What the exercise asks - Set down exactly the lines from the one containing "ПОСТАНОВЛЕНИЕ ГД ФС" to the final line of the records below, with every picture omitted.

Segment Open

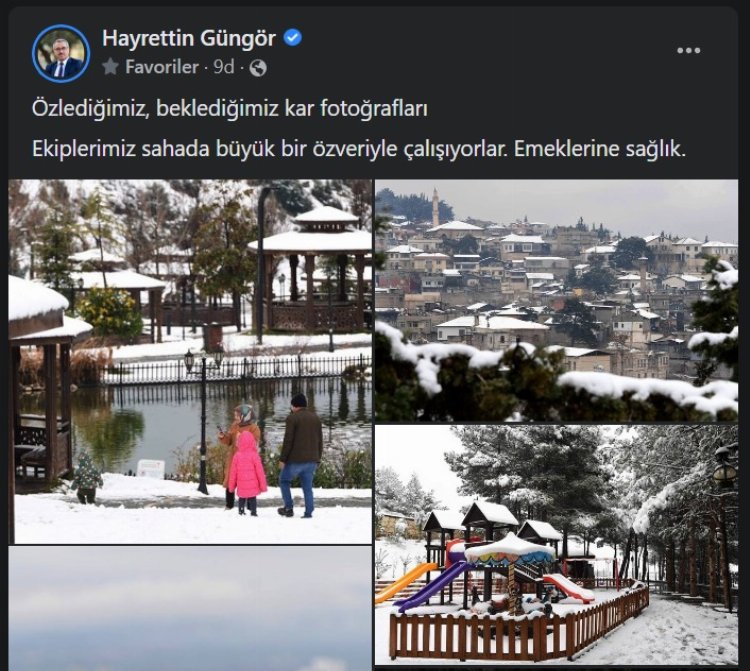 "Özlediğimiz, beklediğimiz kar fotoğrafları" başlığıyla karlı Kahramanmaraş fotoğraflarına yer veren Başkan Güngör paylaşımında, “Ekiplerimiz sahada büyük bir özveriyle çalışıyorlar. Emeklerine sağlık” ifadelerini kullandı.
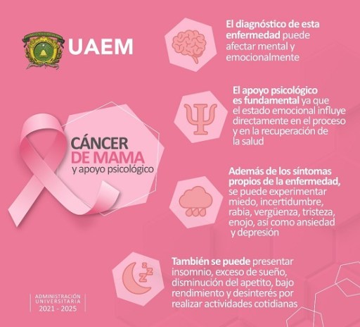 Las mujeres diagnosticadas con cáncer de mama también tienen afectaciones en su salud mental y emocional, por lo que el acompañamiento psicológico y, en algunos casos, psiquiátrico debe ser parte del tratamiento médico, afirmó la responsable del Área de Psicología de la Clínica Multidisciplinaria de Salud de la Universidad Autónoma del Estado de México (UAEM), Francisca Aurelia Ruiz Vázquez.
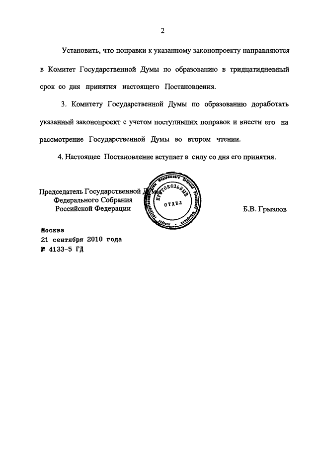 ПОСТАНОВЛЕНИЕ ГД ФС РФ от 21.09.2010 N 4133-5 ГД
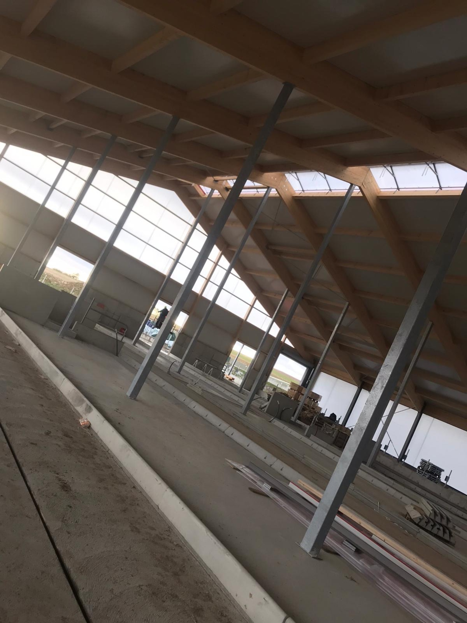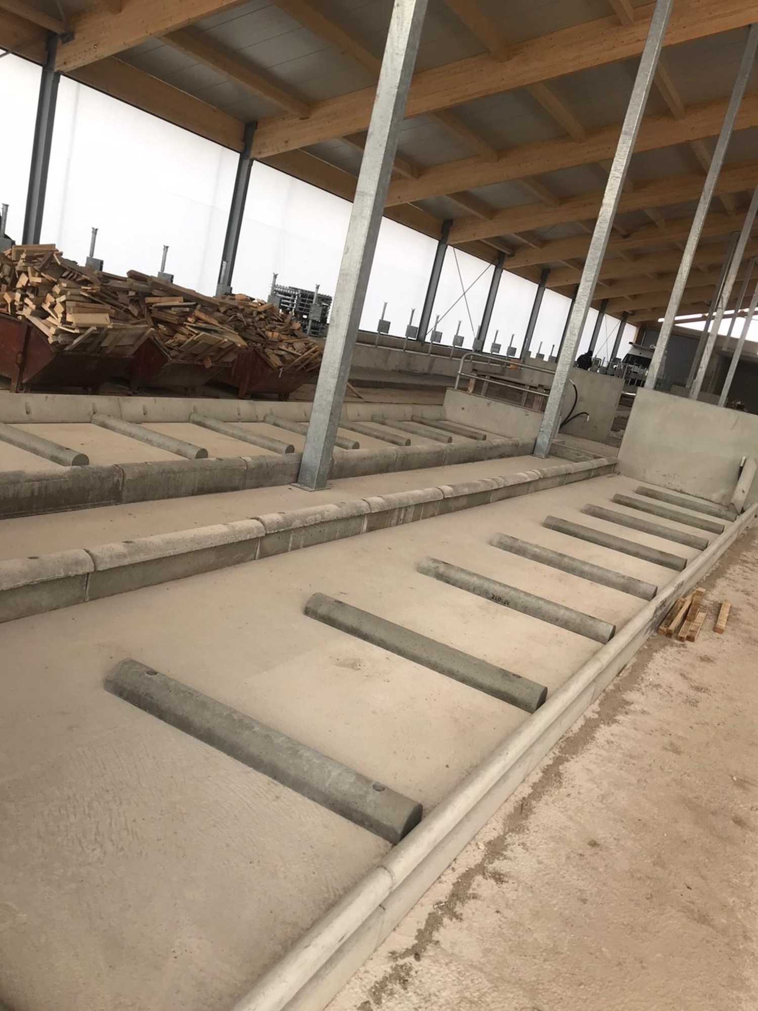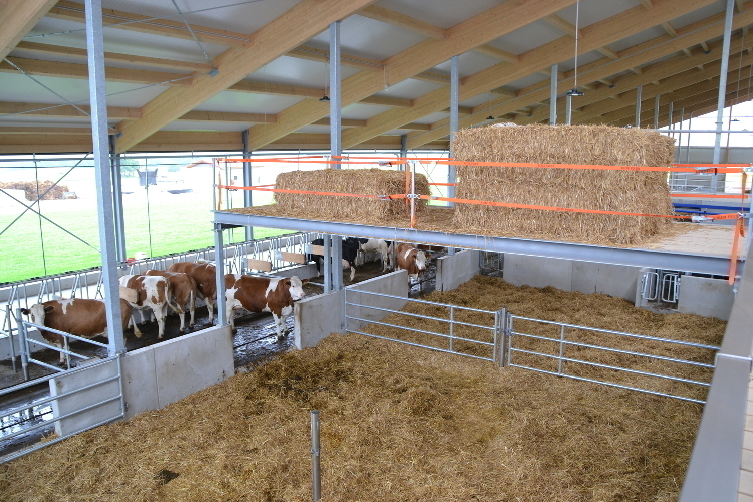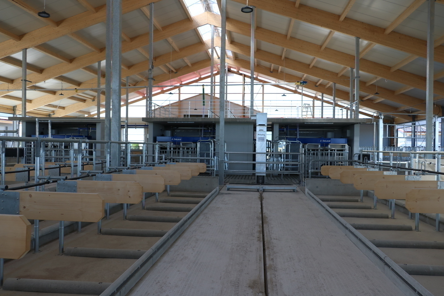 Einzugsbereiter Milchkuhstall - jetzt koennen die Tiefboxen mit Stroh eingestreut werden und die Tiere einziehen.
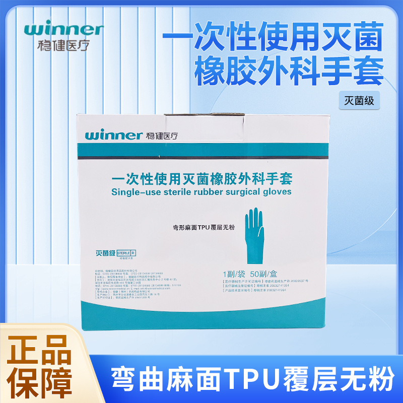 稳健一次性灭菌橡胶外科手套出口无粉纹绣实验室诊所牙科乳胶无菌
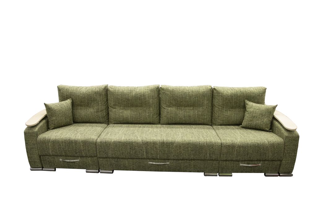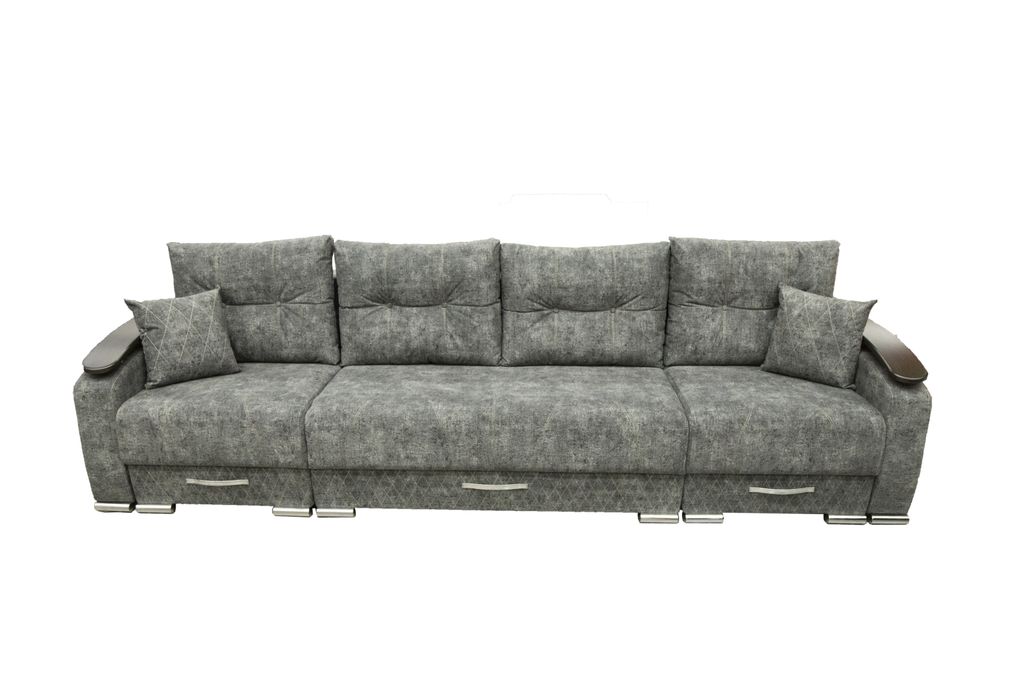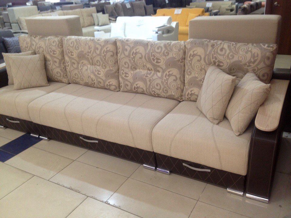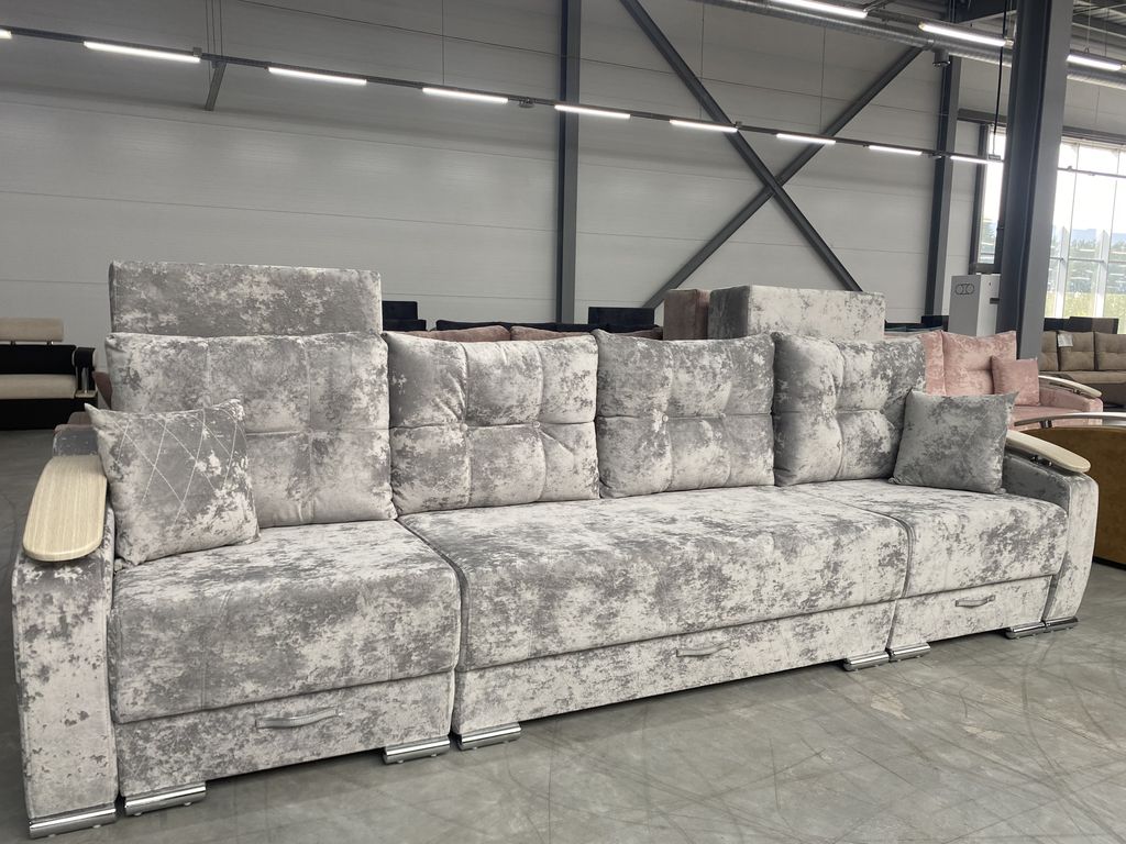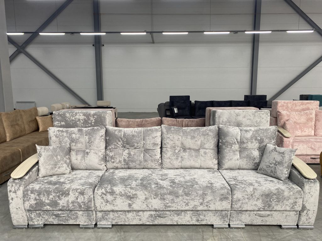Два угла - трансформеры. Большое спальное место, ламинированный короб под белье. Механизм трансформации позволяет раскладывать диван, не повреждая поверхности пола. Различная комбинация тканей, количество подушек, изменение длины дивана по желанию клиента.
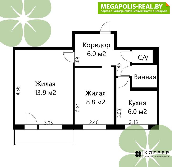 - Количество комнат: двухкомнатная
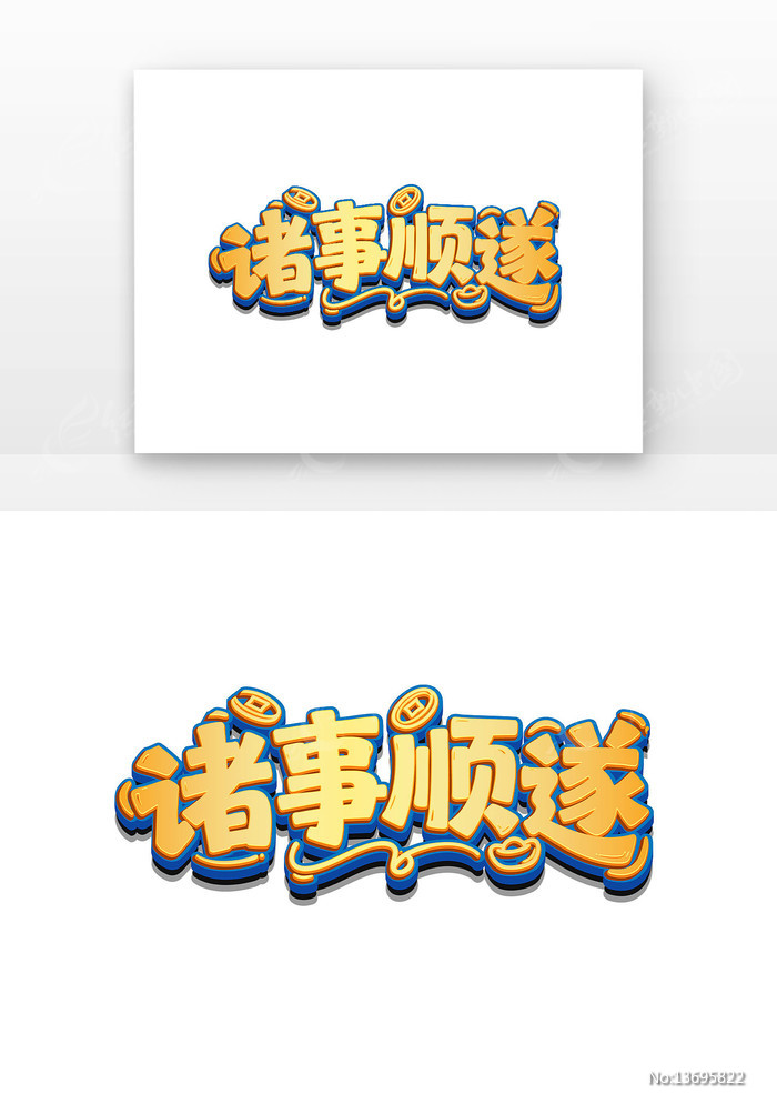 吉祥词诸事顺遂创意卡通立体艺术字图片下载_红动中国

Segment Closed

Exercise solution -
 ПОСТАНОВЛЕНИЕ ГД ФС РФ от 21.09.2010 N 4133-5 ГД
 Einzugsbereiter Milchkuhstall - jetzt koennen die Tiefboxen mit Stroh eingestreut werden und die Tiere einziehen.
 稳健一次性灭菌橡胶外科手套出口无粉纹绣实验室诊所牙科乳胶无菌
Два угла - трансформеры. Большое спальное место, ламинированный короб под белье. Механизм трансформации позволяет раскладывать диван, не повреждая поверхности пола. Различная комбинация тканей, количество подушек, изменение длины дивана по желанию клиента.
 - Количество комнат: двухкомнатная
 吉祥词诸事顺遂创意卡通立体艺术字图片下载_红动中国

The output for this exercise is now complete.